Used PCs are really cheap and still reliable. there's a HUGE installed base of folks using mach 3 or Linux CNC. Go this route and you can get a lot of help.

Go with Pi and there's only a few others doing it. You'll be almost on your own.


----------



## spumco (Sep 3, 2017)

Yes you can, but...

1. The problems you bring up about computers being sensitive to RFI/EMI are real, but the computer itself isn't really a problem if you use a separate ethernet-based motion controller or other isolating device(s).  The components sensitive to EMI are the parts like limit switches or some of the components on BOB's or cheaper stepper drivers that are directly connected to the noise-generating parts.  If you follow good electrical grounding practices (star grounds, no ground loops, shield high-power/frequency VFD -type things from signal wires) you'll likely be fine and your PC will be stable as a rock.

2. Do you want to use GRBL for your G-code execution?  Remember, the various hobby & commercial g-code software/firmware systems all have fine(ish)-tuned motion/trajectory planners to figure out the appropriate motor acceleration/deceleration while doing 'look-ahead' calcs.  I don't know enough about GRBL to know if it's really stupid or awesome.  Recommend you investigate further and see if there are any commercial products based on this code interpreter, or if everyone using GRBL is basically a basement nerd with a home-built toy.  What (very) little I have gleaned indicates it's pretty nice, but takes quite a bit of programming.

Ask yourself - do you want to make parts ASAP, or do you want to spend your time learning C+ or some other programming language and loads of time fiddling before you can make trinkets?

3. Consider the computational speed of a Pi and see if it will process/send step & direction pulses fast enough for your particular system.  If you're still in the planning stage I suggest using 'worst case' values for the inputs:

1. Ball screw or rack & pinion units (inch or mm) per turn.  [If you don't know whether you're using 5mm or 20mm per turn screws, do the math with 5mm as it will require more pulses per time unit to reach the speed in #4 below]
2. Stepper motor steps per rotation (including micro steps needed to get the resolution desired).
3. Figure steps/pulses per inch or mm from above
4. Determine maximum desired rapid speed, as well as maximum realistic feed speed for each axis
5. Now calculate how many pulses per second to achieve desired rapid & feed speeds
6. Now add up the 3 (or more) pulses per second that that is your target for the computing device (Pi, Arduino, other micro controller).  If the device can't process or send signals quickly enough, your machine will drop steps or not be able to move at the speeds you desire.

Quick example from my mill:
1. 0.1968" per rev (5mm screws)
2. 2000 steps per turn (200 steps, times 10x micro steps)
3. 10160 steps per inch (5.08 revs/in)
4. 400ipm rapids desired on X/Y, 200ipm on Z.  150ipm feeds for all axis.
5. 67.73 pulses per second (kHz) for X/Y, and 33.87kHz for Z.  25.4kHz per axis at max feed.  (10160 PPM x 400 IPM / 60 sec/min)
6. Max pulse demand is about 170kHz with all three at rapid.

Can the micro-controller you're considering send output signals on three (or more) pins at the speeds you need?
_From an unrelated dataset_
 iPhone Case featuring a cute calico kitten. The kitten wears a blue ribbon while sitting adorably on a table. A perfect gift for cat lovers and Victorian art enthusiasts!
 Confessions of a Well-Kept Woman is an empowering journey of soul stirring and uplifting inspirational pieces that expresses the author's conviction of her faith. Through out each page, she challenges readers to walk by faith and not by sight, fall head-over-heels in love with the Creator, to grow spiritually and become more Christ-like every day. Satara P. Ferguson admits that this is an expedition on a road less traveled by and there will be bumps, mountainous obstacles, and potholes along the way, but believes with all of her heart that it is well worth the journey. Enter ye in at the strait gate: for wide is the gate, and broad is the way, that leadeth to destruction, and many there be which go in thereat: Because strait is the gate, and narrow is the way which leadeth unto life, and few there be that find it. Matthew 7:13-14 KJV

I know the older Arduino I have set up as a DRO on my lathe is limited to about 32kHz or something.

I have two suggestions for your consideration as an alternate to either a big workstation or a Pi-type micro-controller:

First, you can purchase a micro windows (or Linux) computer used for gaming.  These are rather inexpensive, very fast, and some are fan-less to keep dust out.  I purchased a Zotac (I think that's the brand) for my mill and am quite pleased with it.  Less than $200, and I get everything you'd normally get with a big desktop (1gig drive, on-board graphics, ethernet, wifi, USB3.0, etc.) in a tiny package that simply mounts to the back of my monitor and connects to the motion controller via ethernet cable.

Get one with an SSD and they're essentially instant-on during start-up.  I now have internet, CAD/CAM, garage music, Youtube, and so forth right at my mill.  Having to pass a thumb drive between a separate computer and my mill (or even wifi) would drive me nuts now.  I can leave Fusion 360 open on my mill controller and adjust the model & CAM, post the file, and cycle start in seconds without getting off my rear end.
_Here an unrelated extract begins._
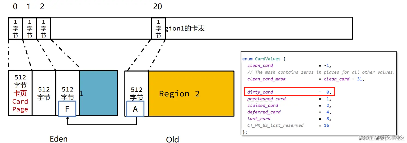 每一个Region都配备有一个独立的卡表(Card Table),用于记录该Region中对象的跨代引用情况。当发生从老年代到年轻代的跨代引用时,相应Region的卡表会相应地更新其字节内容。在JDK 8的源码中,如果某个字节被标记为0,这表示该字节所代表的内存块被老年代对象所引用,这种情况被称为“脏卡”。通过这种方式,能够精准地识别出哪些老年代的部分引用了当前Region中的对象。

Most important - I didn't have to program anything in a computer language I don't understand.  Windows - _duh_.  $60 commercial CNC software - _duh_.  Plug in motion controller and tell windows to find it - _duh_.  Tell CNC software what pins do what - _duh_.  Game on, make some chips.

The other alternative is a stand-alone CNC controller such as the Masso.  https://www.hindtechnology.com/product-category/cnc-controllers

$550 or so is a bit higher, but it has _everything_ in one package.  Computer, CNC G-code interpreter, breakout-board, etc.  Just add a monitor and keyboard and you''re in business.  It even supports touch-screens.  If you're doing a bigger router, the 4 or 5 axis will drive/slave the A to the X or Y.  I seriously considered one of these and the only reason I didn't get one is that the step pulse frequency (110kHz), while perfectly suitable for stepper-based machines, would have been too low for my set up when I move to servos with high-resolution encoders.  I considered 200kHz to be my 'floor', so despite the Masso's advantages I had to go with a different arrangement.

Sorry - a bit long-winded.  Good luck.
-Spumco


----------



## JimDawson (Sep 3, 2017)

I have installed 70 0r 80 desktops, laptops, and micro PCs in horrible industrial environments and had very good success with them.  In the case of my machines, I really like having my CAD, CAM, and control software on the same PC.  I normally do my heavy duty CAD work and much of the CAM work at my desk in my office, then transfer the files via USB drive to the machine computers out in the shop.  Any tweaks needed are done on the machine computer.  Simple jobs are many times drawn right at the machine.


----------



## cjones6108 (Sep 3, 2017)

spumco said:


> Yes you can, but...
> 
> -Spumco



While brevity is considered an asset in email and especially text messaging, in a forum like this a more lengthy discussion is most welcome (by me anyway).  You make some good points and I will certainly be doing more research into the capabilities of my proposed system and other systems.  As it happens, I am a retired software developer with some electronics and microcontroller stuff thrown in, starting before the now ubiquitous PC was even on the market with languages like FORTRAN and ending up with relatively modern languages like Java, so programming, per se, does not scare me.  But you're right, of course; it's not what I want to do when I go into the workshop.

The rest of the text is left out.